Now, would you like to trade? Or are these little poems destined for the fire?”
Giovanni looked at the small volume in his hands and a look of tenderness softened his features. Then, he wiped his expression clean and looked at Lorenzo.
“Fine. The girl is yours.”
“No,” she screamed. “No!” Beatrice looked around the room, but no one would meet her eyes. “I won’t go with him!” She looked at the vampire she had trusted. “Gio? Don’t let him take me! Giovanni?”
He wouldn’t even look at her.
She crawled over the back of the couch, trying to flee toward the patio doors, but the dark-haired vampire grabbed her before her feet hit the ground.
“No,” she screamed again, trying to twist away, but it was useless. She was bound in the iron grasp of cold, immortal arms. “You can’t do this to me! No!”
But the sick feeling that crawled through her said that they could.
She observed the rest of the Lorenzo and Giovanni’s “business transaction” as she twisted and bit the guard’s arms, desperately trying to get away from him. “Let me go, you bastards! Let me go!”
They stood, and Giovanni shook Lorenzo’s hand, then Gavin’s.
She broke down sobbing when he refused to look at her. “Please, Gio!” she cried. “Please, don’t let him take me. Please!”
“So,” she heard Lorenzo say, “all that posturing at the library was about your books? I think I’m disappointed.”
“I don’t give a damn about your disappointment,” Giovanni bit out. “And you’re going to give me the rest eventually. Andros’s books are mine and I will find them. Now get the hell out of my house and out of Houston. I don’t want to see you for another hundred years, do you understand?”
Giovanni turned his back to her, and the tears fell swift down her face. Her screams had turned to painful whispers, and her head hurt from crying. She shook her head, trying to block out the betrayal that played out before her, and wishing for physical pain to block the deep cut of abandonment.
“I’m off!” Lorenzo chirped. “Lovely doing business with you.”
There was no need for the guard to hold her tightly anymore.

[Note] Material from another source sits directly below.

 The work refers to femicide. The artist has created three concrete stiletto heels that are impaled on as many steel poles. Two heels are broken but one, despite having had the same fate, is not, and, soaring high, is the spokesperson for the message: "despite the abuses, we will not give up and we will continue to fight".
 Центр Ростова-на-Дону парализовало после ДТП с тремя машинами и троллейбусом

She sagged in his arms, and if she’d anything left in her stomach, it would have been emptied on Giovanni’s luxurious Persian rug.

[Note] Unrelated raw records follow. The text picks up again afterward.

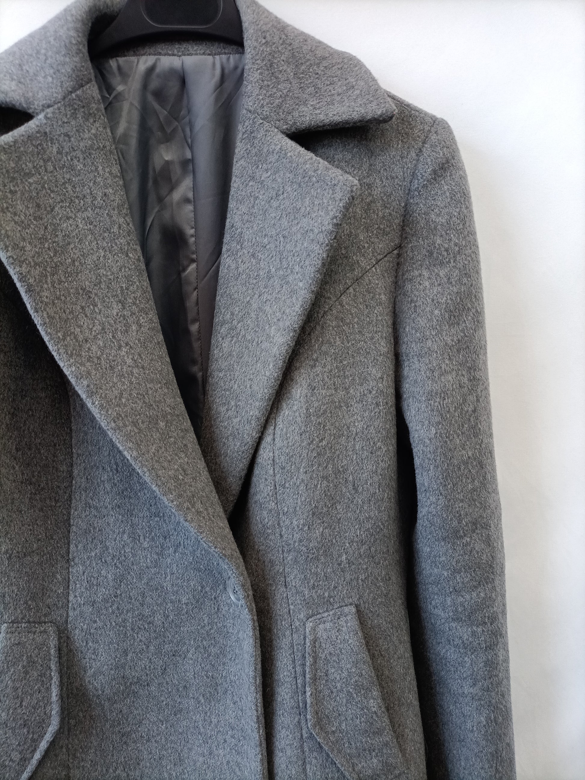 Abrigo gris de paño. No elástico. De sisa a sisa 46 cm largo 99 cm (falta en botón interior)
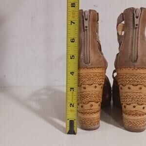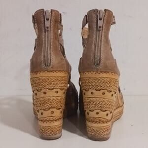 Francesco Morichetti Tan Wedge ankle wrap sandals back zip sz 40
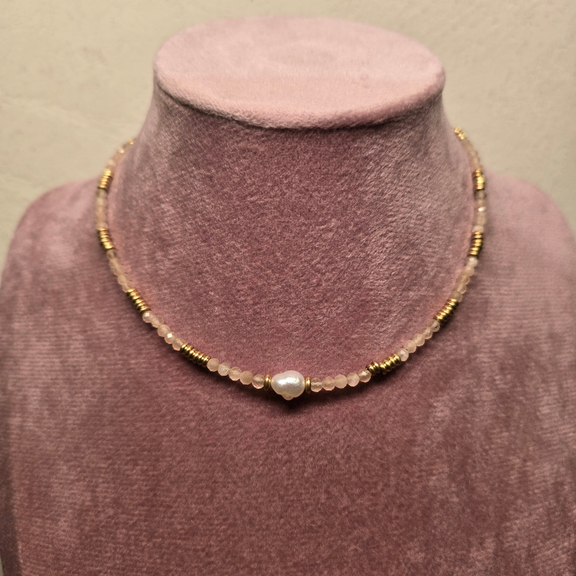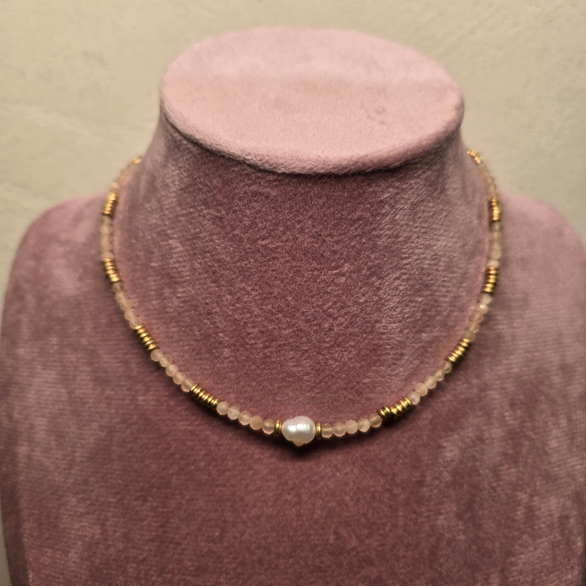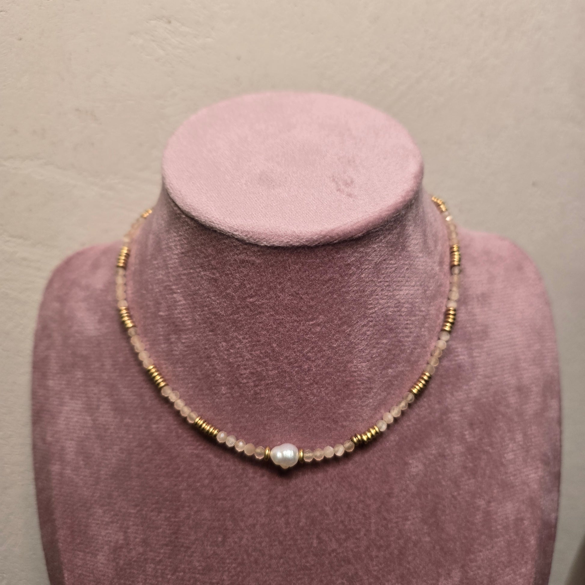 Handcrafted using semi precious stones beads, brass beads and natural pearl.
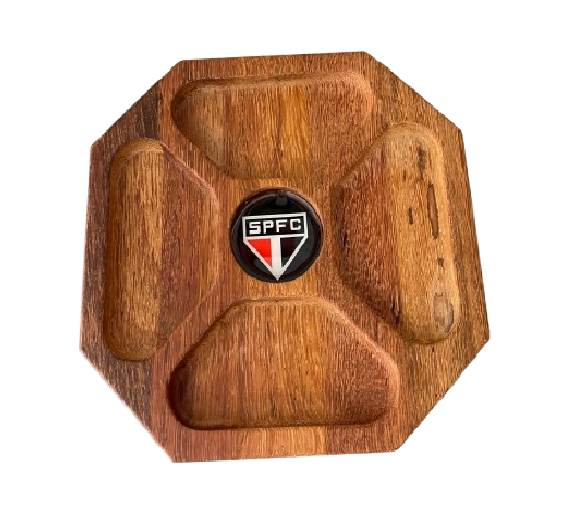 Leve a paixão pelo Tricolor para sua mesa com uma petisqueira em madeira maciça, produzida de forma artesanal, com a logo do São Paulo FC em destaque. Perfeita para servir com estilo em encontros, jogos e momentos especiais.

The whole time, she’d been a pawn. Only a pawn for the man in front of her to get what he wanted. His words months ago drifted to her memory.
He’d told her.
She just didn’t want to believe him.
Beatrice was propelled toward the kitchen door, but she refused to walk. Finally, her captor picked her up and carried her like a piece of luggage. As she left the room, she heard Giovanni speak.
“Gavin, care to stay for a drink? I’ve got a wonderful whiskey a friend sent for Christmas. I’ve been waiting to open it.”
By the time they reached the car, she wished that someone would strike her or use their amnis so she could pass out and escape what must have been a nightmare.
Lorenzo got in the car next to her and shut the door. He smiled.
“Don’t worry, my dear. I’m sure you and your father will be seeing each other very soon.”
She glared at him, a bitter rage churning inside her.
“Go to hell.”
A flicker of madness crept into his eyes.
“Already there.”
Then cold hands touched her neck, and everything went black.
Chapter Twenty
Giovanni stood frozen, his fists clenched as he listened to Lorenzo’s car wind down the driveway. When he finally heard it turn the corner toward Buffalo Bayou, he let out a roar and threw the glass of eighteen year old scotch into the fireplace.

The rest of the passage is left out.